● What this task involves
For this exercise, retype all the data exactly and exclude every image.

● Supplied data

────

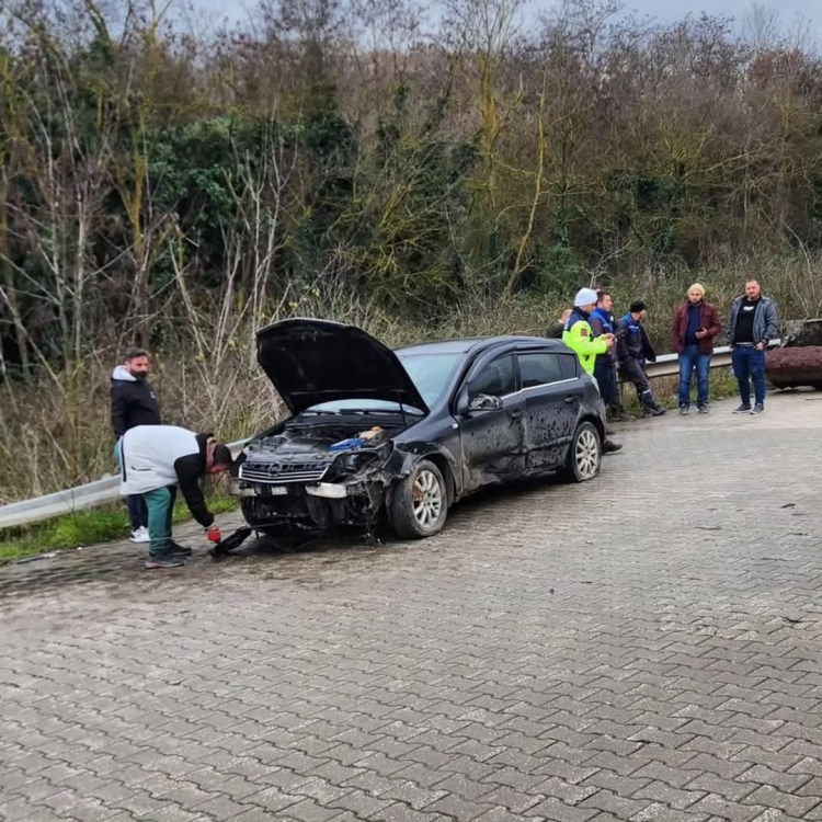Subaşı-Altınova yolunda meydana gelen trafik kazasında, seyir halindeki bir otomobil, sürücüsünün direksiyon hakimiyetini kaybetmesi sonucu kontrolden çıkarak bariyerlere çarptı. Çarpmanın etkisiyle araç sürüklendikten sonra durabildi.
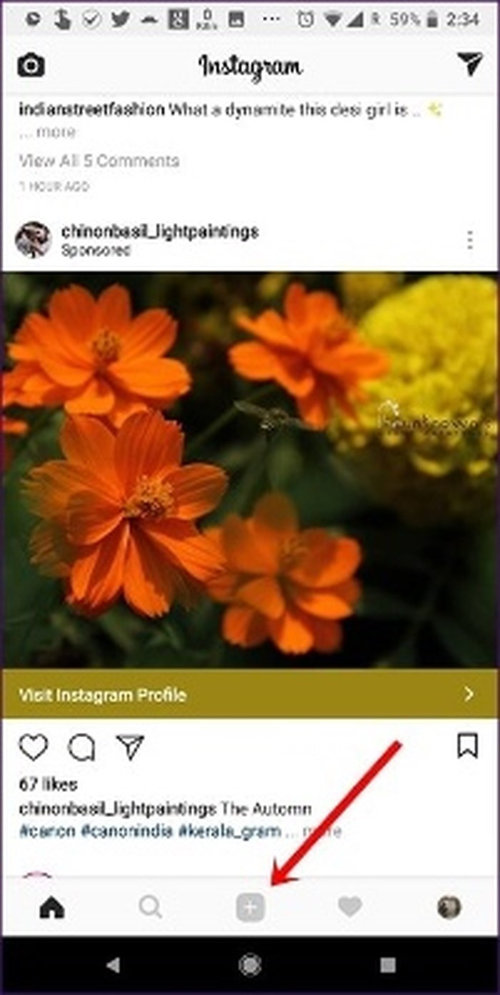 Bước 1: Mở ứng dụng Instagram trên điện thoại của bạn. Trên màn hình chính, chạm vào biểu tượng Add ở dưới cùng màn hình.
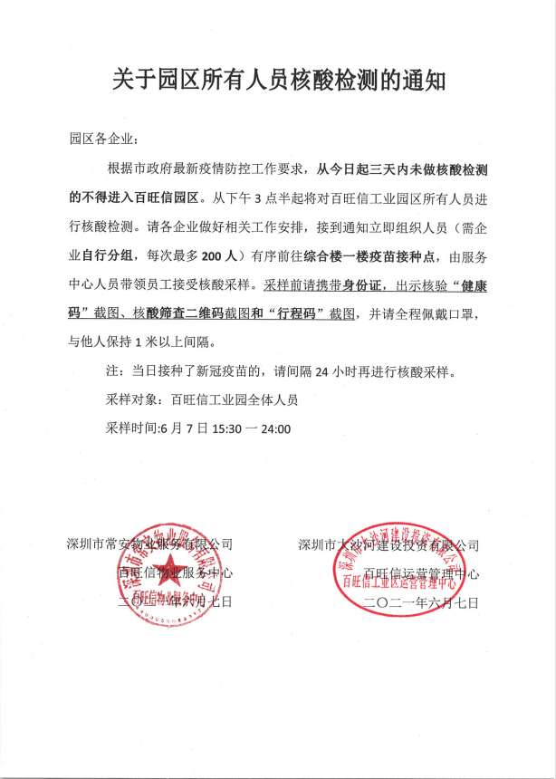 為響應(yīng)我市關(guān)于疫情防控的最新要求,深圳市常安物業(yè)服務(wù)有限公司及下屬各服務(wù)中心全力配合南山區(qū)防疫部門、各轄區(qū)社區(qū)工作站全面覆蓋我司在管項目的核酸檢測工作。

────

● Result
Subaşı-Altınova yolunda meydana gelen trafik kazasında, seyir halindeki bir otomobil, sürücüsünün direksiyon hakimiyetini kaybetmesi sonucu kontrolden çıkarak bariyerlere çarptı. Çarpmanın etkisiyle araç sürüklendikten sonra durabildi.
 Bước 1: Mở ứng dụng Instagram trên điện thoại của bạn. Trên màn hình chính, chạm vào biểu tượng Add ở dưới cùng màn hình.
 為響應(yīng)我市關(guān)于疫情防控的最新要求,深圳市常安物業(yè)服務(wù)有限公司及下屬各服務(wù)中心全力配合南山區(qū)防疫部門、各轄區(qū)社區(qū)工作站全面覆蓋我司在管項目的核酸檢測工作。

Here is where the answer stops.